Magneto-optics of dichroic chiral photonic crystals: resonant diffraction transmission and higher-order reflections at grazing angles

TL;DR

This paper explores the magneto-optical properties of dichroic cholesteric liquid crystals under oblique incidence, revealing unique diffraction phenomena and the potential for tunable narrowband optical filters.

Contribution

It introduces the analysis of magneto-optical effects in dichroic cholesteric liquid crystals using the Berreman method, highlighting resonant diffraction and Dirac points at grazing angles.

Findings

Resonant Bragg diffraction transmission observed at oblique incidence.

Appearance of Dirac points in spectra under magnetic field.

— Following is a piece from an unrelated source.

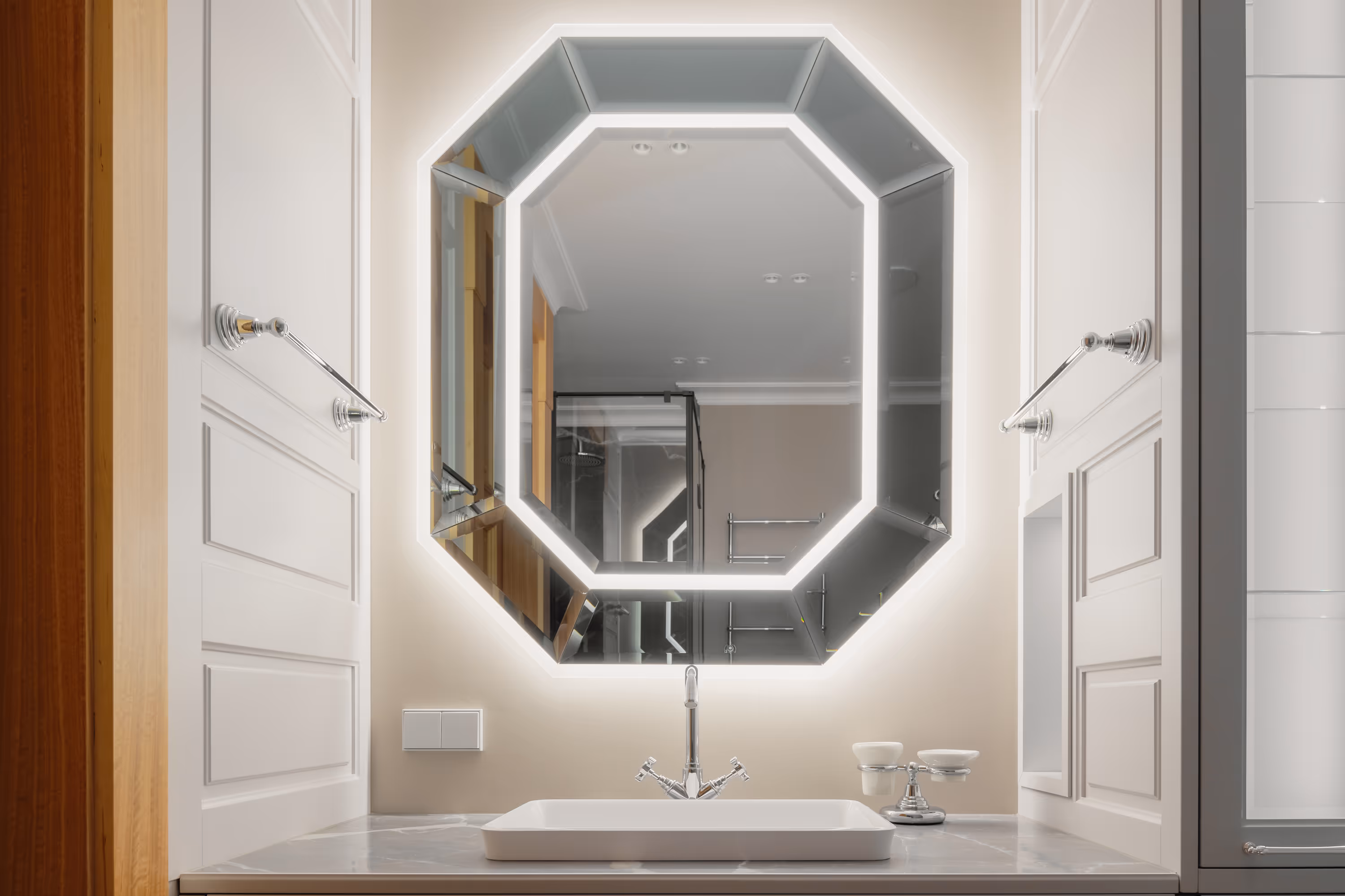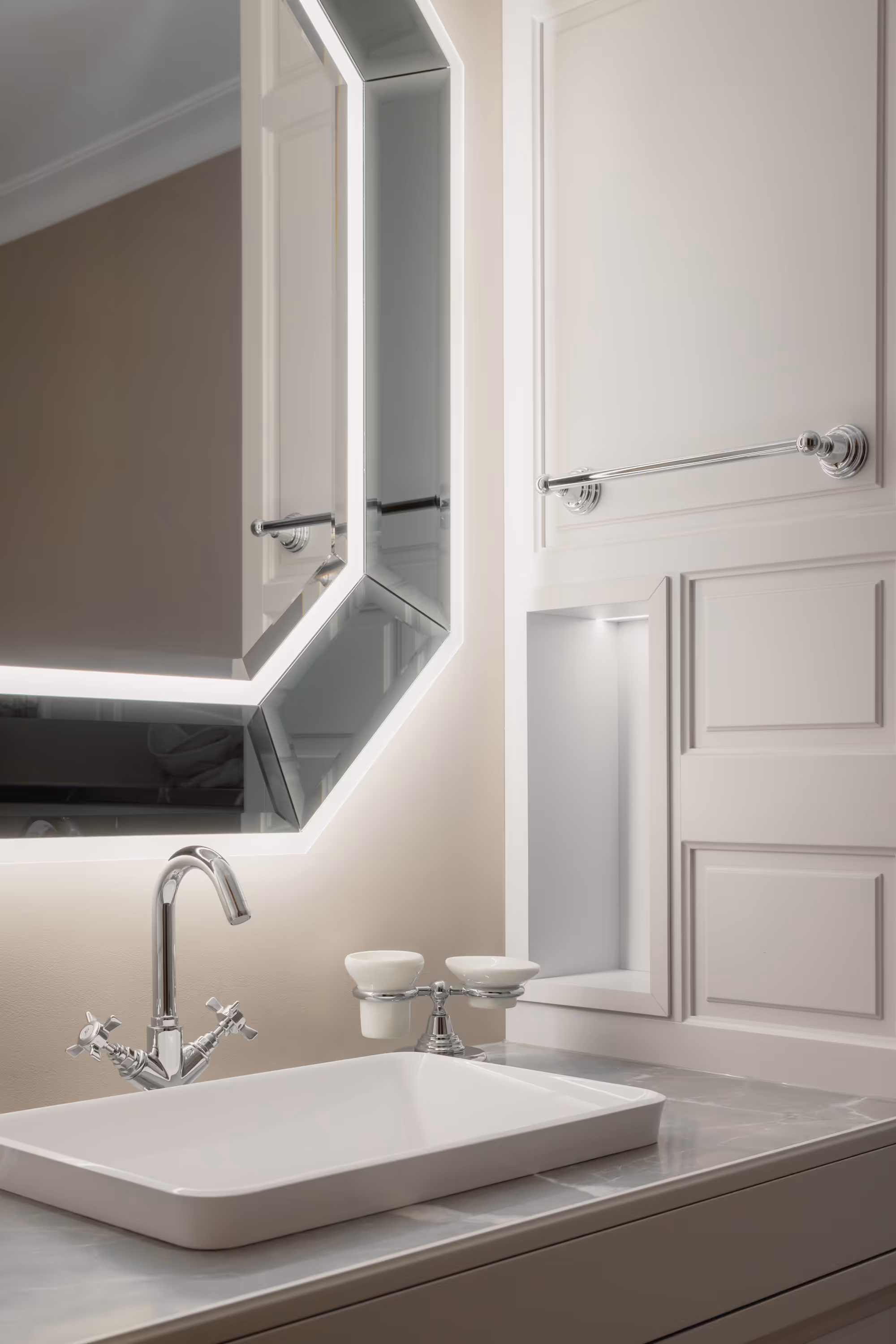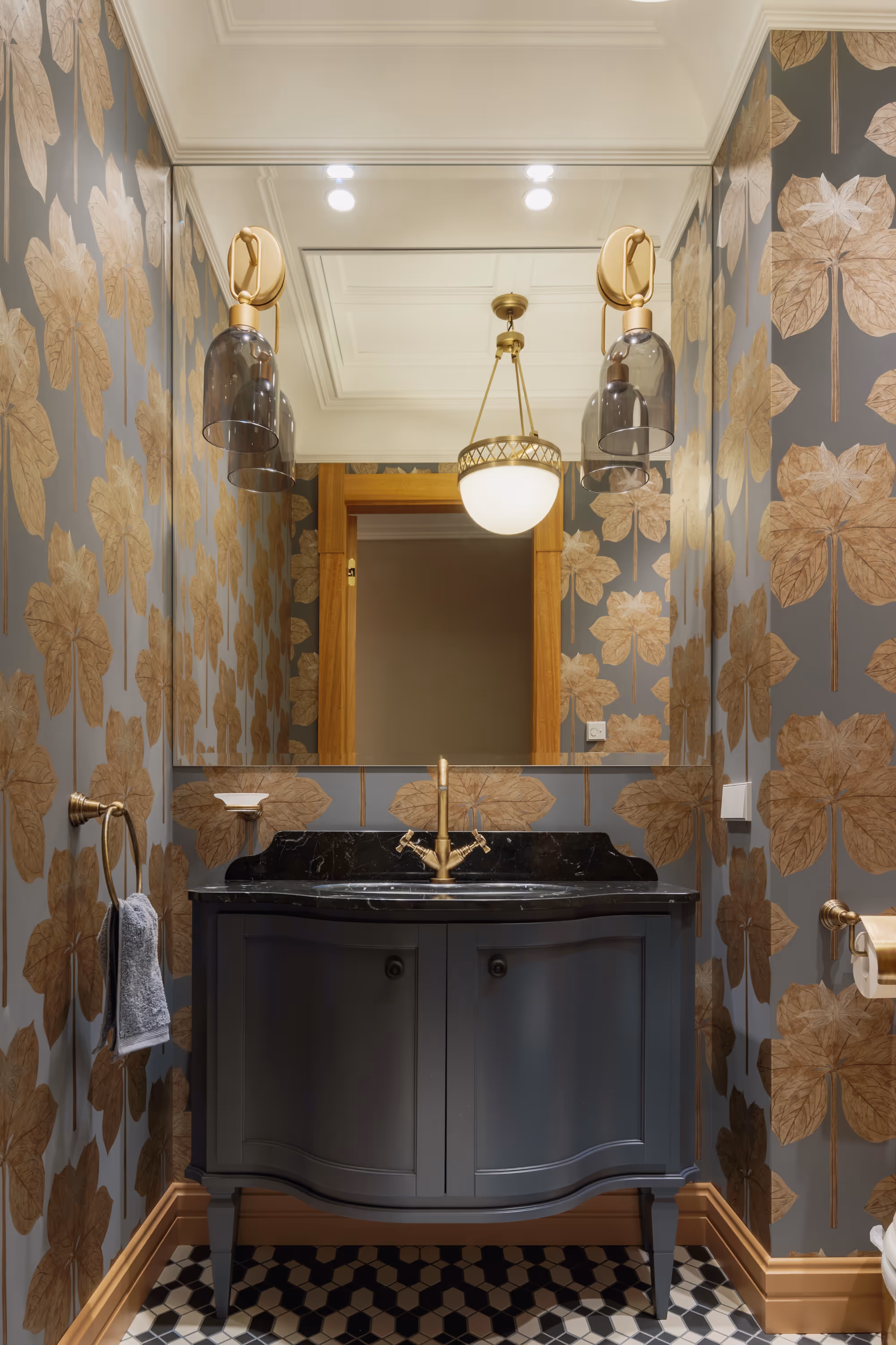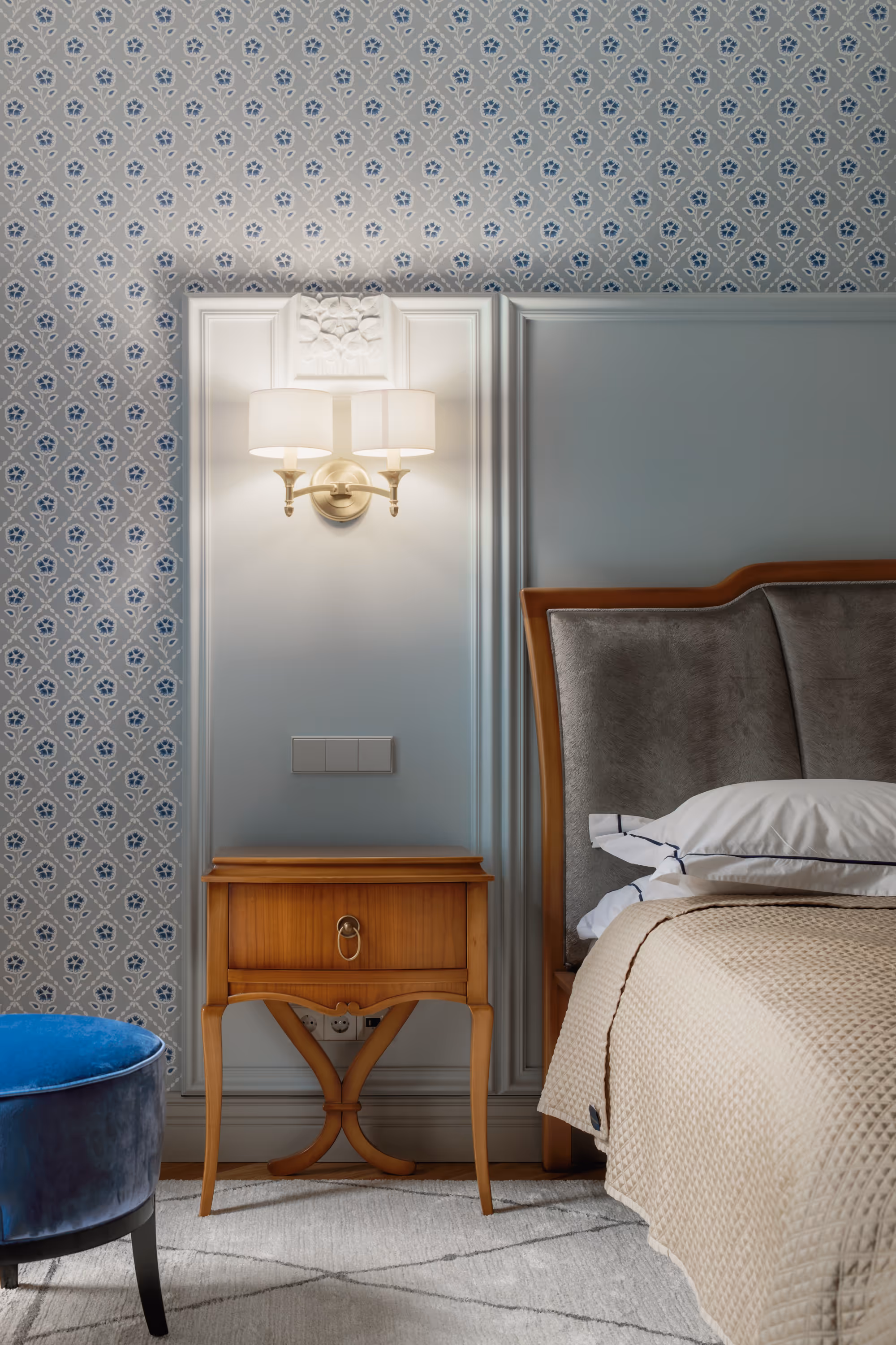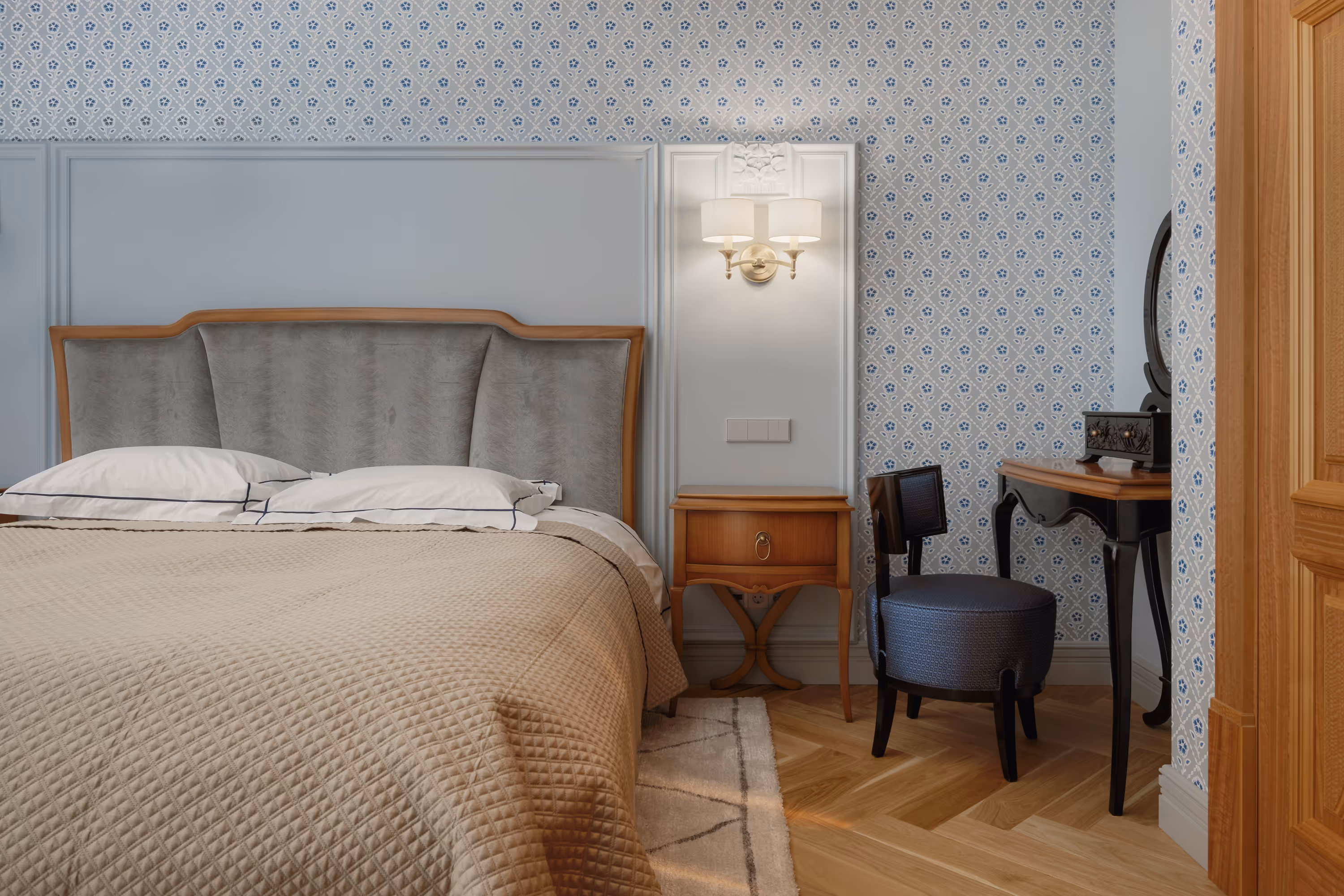 Īpaša uzmanība tika pievērsta mēbelējumam: mēbeles un tehnika izvēlētas no vadošajiem Eiropas zīmoliem, savukārt pēc pasūtījuma izgatavota konsoles galdiņa ar roku gravējumu atspoguļo pretējās ēkas siluetu — cieņa detaļām.

Magnetic field suppresses polarization shift from circular to linear.

Abstract

Magneto-optical effects in structured anisotropic media have attracted significant attention due to their potential in tunable photonic devices. In particular, dichroic cholesteric liquid crystals (i.e., cholesterics in which the real parts of the local dielectric permeability tensor are equal each other, and the imaginary parts differ) provide a unique system in which absorption anisotropy rather than anisotropy of real pars of the local dielectric permeability controls the optical response. In this work, we investigated the magneto-optical properties of dichroic cholesteric liquid crystals under oblique light incidence. To analyze the optical characteristics, we used the Berreman method, which is a matrix approach to solving Maxwell's equations. The unique properties of such structures were revealed, namely, resonant Bragg diffraction transmission instead of diffraction reflection and higher orders of diffraction reflection under oblique light incidence at grazing angles. It was shown that at light oblique incidence in the presence of an external magnetic field, new Dirac points appear in the spectra of such structures at each order of diffraction reflection. Furthermore, it is shown that an external magnetic field suppresses the shift of the polarization of eigenmodes from circular to linear polarization as the angle of incidence increases. This system can be used as a narrowband filter with a widely tunable wavelength.